Publish Date: September 4, 2013      Author: Nina R

English SlangIf you really want to talk like a native English speaker, then slang words will come into play for sure! While we don’t use these words during an interview or any kind of professional setting, we most certainly use them all the time during our everyday talk. Here’s a few of the most common American slang words that you will surely hear when speaking to any American. Here are two mini conversation with tons of slang thrown in. Do you know any of them already? Have you used some of them before? Take a look…


  • Hey, have you studied for the exam?
  • No, not yet, I need to crash (go to sleep because of your exhausted), my head hurts.
  • No way! We need to cram (study frantically for a test) for it, it’s tomorrow at 8am! You can’t blow it off (avoid something/someone).

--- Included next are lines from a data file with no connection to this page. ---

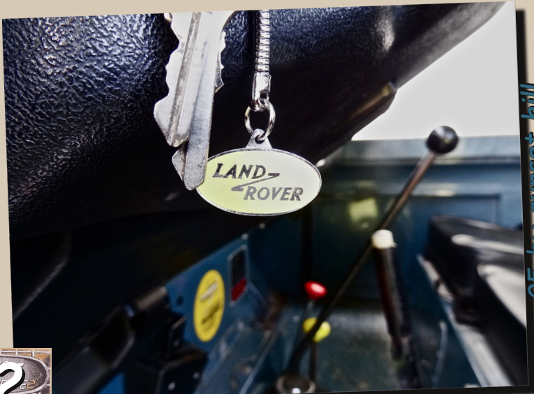
05 by sunset hill
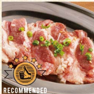
멈추지 않는 턱살 ¥539
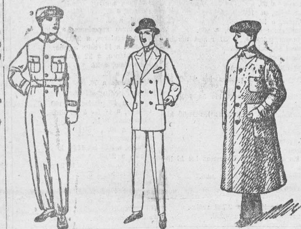
Buzos azules, color kaki y blancos, a 8, 10 y 15 ps. Trajes de confección fina, a 50, 60, 70 y 80 ps. Guardavientos en color gris y kaki, de 7 a 20 ps.
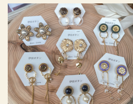
伊田ボタン ヴィンテージボタンアクセサリ

スマートフォンなどの携帯アクセサリーブランド。SPEG(スペック)は、DNA(遺伝子)と言う意味。DNAのように様々なカラーパリエーションから、あなた好みの特別なパラコードストラップを製作し、お届けします。
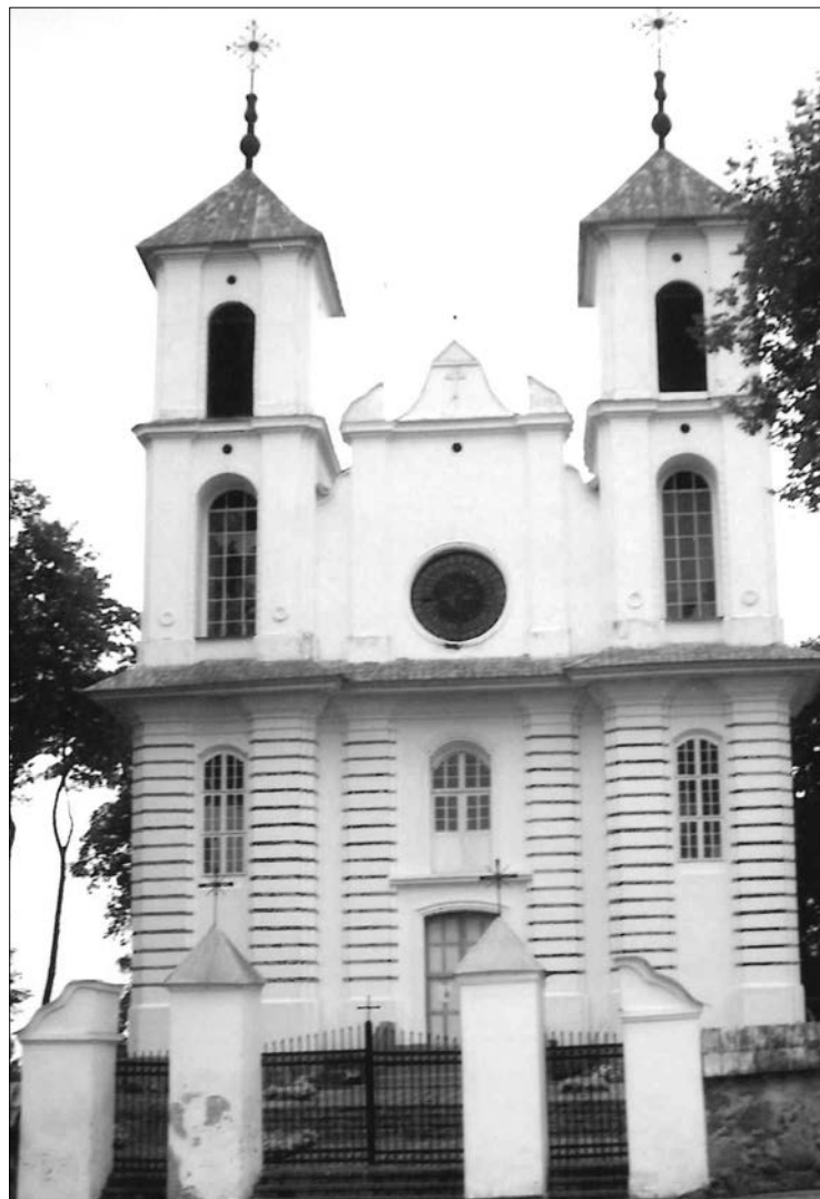
Na zdjęciu: Punie (Punia) Nad Niemnem w Dżukiji. Fronton barokowo-klasycystycznego kościoła rzymskokatolickiego pw. św. Apostoła Jakuba z 1863 roku. Fot. Tadeusz Borysewicz

Miasto Merezcz (Merkinė) kilkaset lat temu było jednym z większych na Litwie, dziś liczy

  • What’s the point in studying? I’m going to bomb (be unsuccessful) it anyway.
  • Don’t cop out (not face the issue) now, the semester is almost done.
  • Can’t I just sit next to you and copy?

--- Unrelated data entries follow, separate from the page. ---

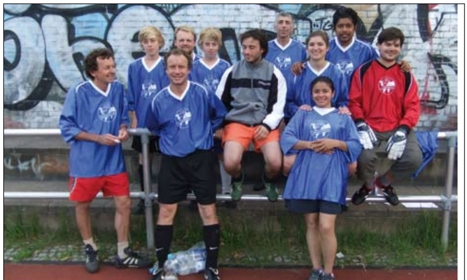
Unser Team 2011

Da eine gemeldete Mannschaft nicht antreten konnte, wurden aus den 11 verbliebenen Teams für deren Spiele jeweils zusammengewürfelte „All-Star-Teams“ gebildet, die später allerdings den letzten Platz belegten. Erfreulich und anerkennenswert war, dass der FC Dragon mit einer
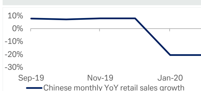
Grafico 2: Vendite al dettaglio in Cina
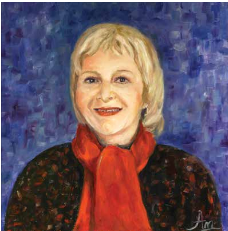
33. Branka ulje na platnu, 50 x 50 cm, 2017.
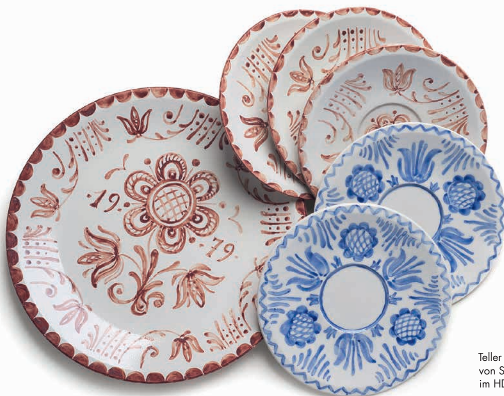
Teller aus dem Jahr 1979, von Siebenbürger Frauen im HDO bemalt
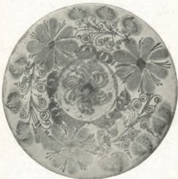
Fig. 18. Schüssel aus Jablunkau.

gelegten rohen Figuren, bunt glasiert (restauriert), 17. Jahrh. In 87: Blaue Schüsseln, Teller, Krüge etc., Wischau, Ende des 18. Jahrh.; Majolikenfigürchen, Wischau; Suppentopf, Kannen, Holitsch. In 87 (Pult): Besonders bemerkenswert drei Teller in Kratztechnik verziert (17. Jahrh.), Böhmen. In 88: Krüge und Schüsseln aus Böhmen, Olmützer
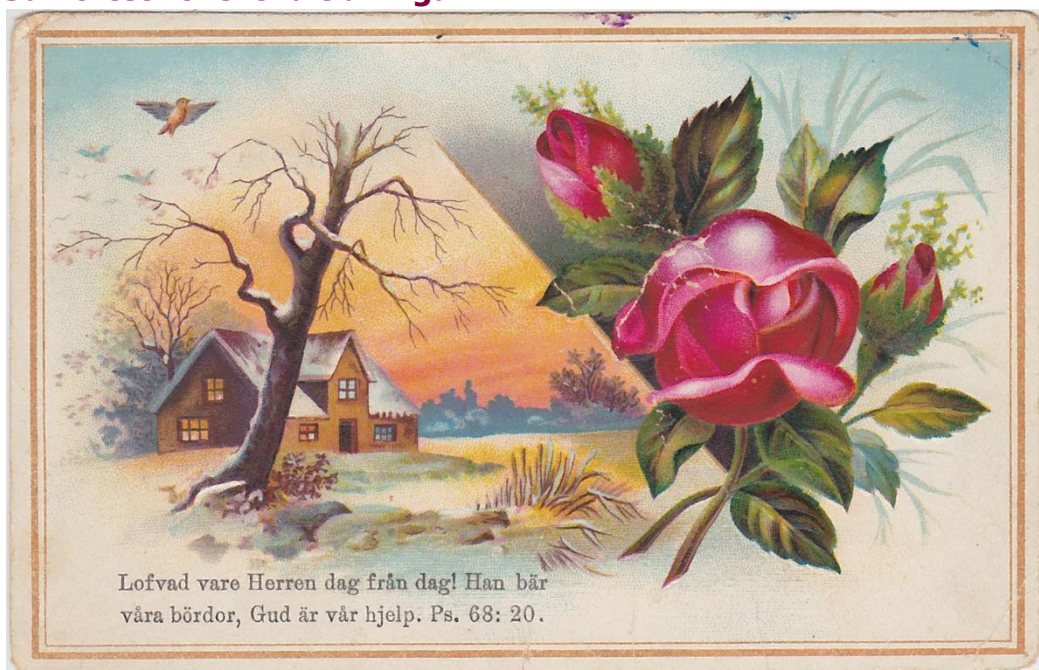
Relieftryckt kromolitografiskt julkort med blank baksida och noteringen 1887 (ej vykort)

Med 30 miljoner kronor från forskningsstiftelsen Arcadia, en välgörenhetsstiftelse grundad av Lisbet Rausing och Peter Baldwin, kan Kungliga biblioteket (KB) och Riksarkivet digitalisera hela återstoden av det svenska pressarvet. 2022 kommer samtliga svenska dagstidningar från åren 1734–1906 att finnas tillgängliga på nätet.
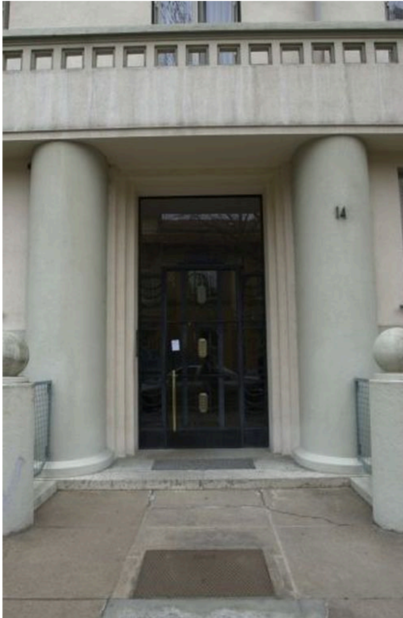
Entrée du 14, rue Jean-Marie Chavant
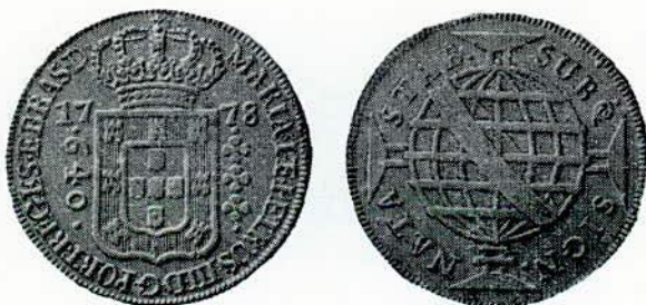
Fig. 82. — 640 réis — prata.

R — Subq. sign. nata. stab. A esfera sôbre a Cruz de Cristo.

  • Not a chance, I’m not getting busted (get caught by authority of doing something wrong) because you’re lazy.
  • I’m burned out (exhausted), I just don’t care anymore.

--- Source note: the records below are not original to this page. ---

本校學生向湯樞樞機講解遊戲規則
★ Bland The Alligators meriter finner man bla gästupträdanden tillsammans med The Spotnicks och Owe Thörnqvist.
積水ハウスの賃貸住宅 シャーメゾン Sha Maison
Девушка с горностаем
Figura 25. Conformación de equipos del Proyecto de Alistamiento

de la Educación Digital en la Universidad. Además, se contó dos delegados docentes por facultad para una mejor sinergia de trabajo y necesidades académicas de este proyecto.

  • So, you’re just going to give up (to quit)? Just like that?
  • Yea, just cut it out (stop it), I don’t care about the test. I’m dead (tired). Goodnight.


  • Hey, what’s up (what are you doing/what’s taking place)? How was your date last night?
  • What date? He totally stood me up (to be left waiting for someone doesn’t arrive)!
  • Oh wow, tough luck (sorry that happened to you). What a jerk (obnoxious person/someone who can’t do things correctly).
  • I know, I’m fed up (disgust or tired with) with guys right now. Let’s go do something.
  • Want to go hang out (waste time/ go to a regular meeting spot) at the mall?
  • Yea sure, I think I need a drink too.
  • Alright, but don’t get totally loaded (have too much to drink). You have work tomorrow.
  • Oh, loosen up (relax)! I’ll go bananas (get excited, loose control) if I want to.
  • Alright, whatever, here is your drink. The bartender felt bad for you so he said it’s on the house (free, no cost).
  • Awesome (very cool, good, appealing)! This day is turning out alright after all. I think I have a crush (infatuated, to really like someone) on the bartender.


Try some of these slang words out with your teacher and see if you can sound just like an American! At least get some practice in so when you visit the US you’re not confused when someone says any of these super common English slang words.